Self-consistent solutions for ${\Delta }_{\mathbf{r}}$ ($\text{a}$) and supercurrent $J_{\mathbf{r}{\mathbf{r}}^{\prime }}$ ($\text{b}$). Parameter values are $L_x=120$, $L_y=8$, $B=1.25$, $t=1$, $t_{\perp }=0.5$, $\mu =-2$, $\lambda =2$, $g=5$. Open and periodical boundary conditions are used along the $x$ direction (vertical) and $y$ direction (horizontal), respectively. Only the first ten sites from the upper edge are plotted. The distributions of ${\Delta }_{\mathbf{r}}$ and $J_{\mathbf{r}{\mathbf{r}}^{\prime }}$ are reflection symmetric with respect to the center line of the system. ($\text{a}$) The direction and length of each arrow represent the phase and amplitude of ${\Delta }_{\mathbf{r}}$ on site $\mathbf{r}$. Its distribution is nearly uniform in the bulk but exhibits spatial variations near the edge. ($\text{b}$) Each arrow represents $J_{\mathbf{r}{\mathbf{r}}^{\prime }}$ on bond $\mathbf{r}{\mathbf{r}}^{\prime }$, which is prominent near the edge but vanishes in the bulk.

Figure 4

Self-consistent solutions for coupled chains with varying $B$ field.

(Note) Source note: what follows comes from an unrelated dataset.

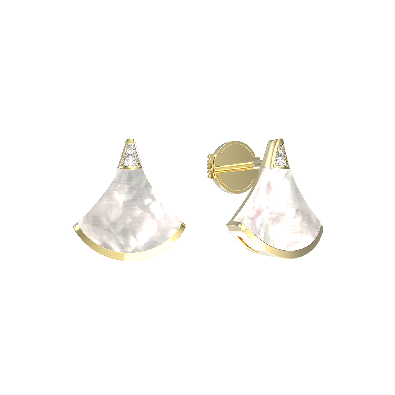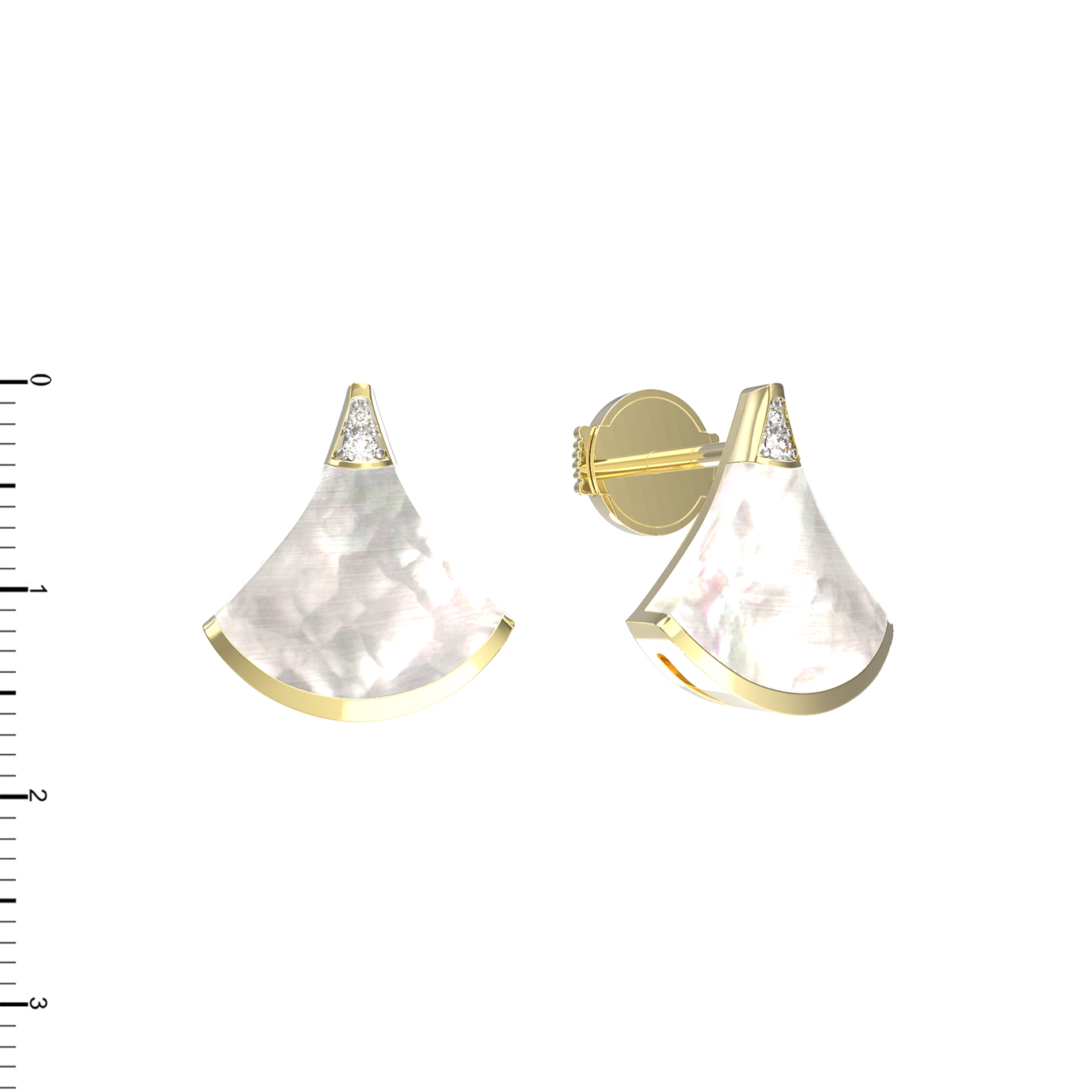 Центральным элементом композиции является нежный перламутр, мягко переливающийся под лучами света, создавая эффект внутреннего сияния. Вставки перламутра дополнены яркими бриллиантами круглой формы, которые добавляют ювелирному изделию роскошный блеск и глубину. В общей сложности модель украшают 4 вставки: перламутр и сверкающие белые бриллианты, акцентирующие внимание на безупречном исполнении каждой детали.

Open and periodical boundary conditions are used along the $x$ and $y$ directions, respectively. Parameters are $L_x=120$, $L_y=8$, $t=1$, $t_{\perp }=0.5$, $\mu =-2$, $\lambda =2$, and $g=5$. In both ($\text{a}$) and ($\text{b}$), the bulk gapless phase is marked as the shaded region, which separates the topologically trivial (on its left) and nontrivial (on its right) gapped phases. ($\text{a}$) The bulk pairing ${\Delta }_{\mathrm{bulk}}$ and the characteristic edge current magnitude $J_{\max }$ extracted as the maximal current in the system. ($\text{b}$) The energy spectra close to $E=0$. The inset of ($\text{b}$) is for the case of $L_y=7$. TR symmetry is spontaneously broken between the two dashed red lines as evidenced by $J_{\max }\ne 0$. Please note that at large values of $B$, the edge current vanishes, which is an artifact due to the finite length of $L_x$. The decaying lengths of edge Majorana modes are on the order of the superconducting coherence length which is long due to the suppression of the pairing gap. As a result, Majorana modes on opposite edges can hybridize and are gapped out without breaking TR symmetry.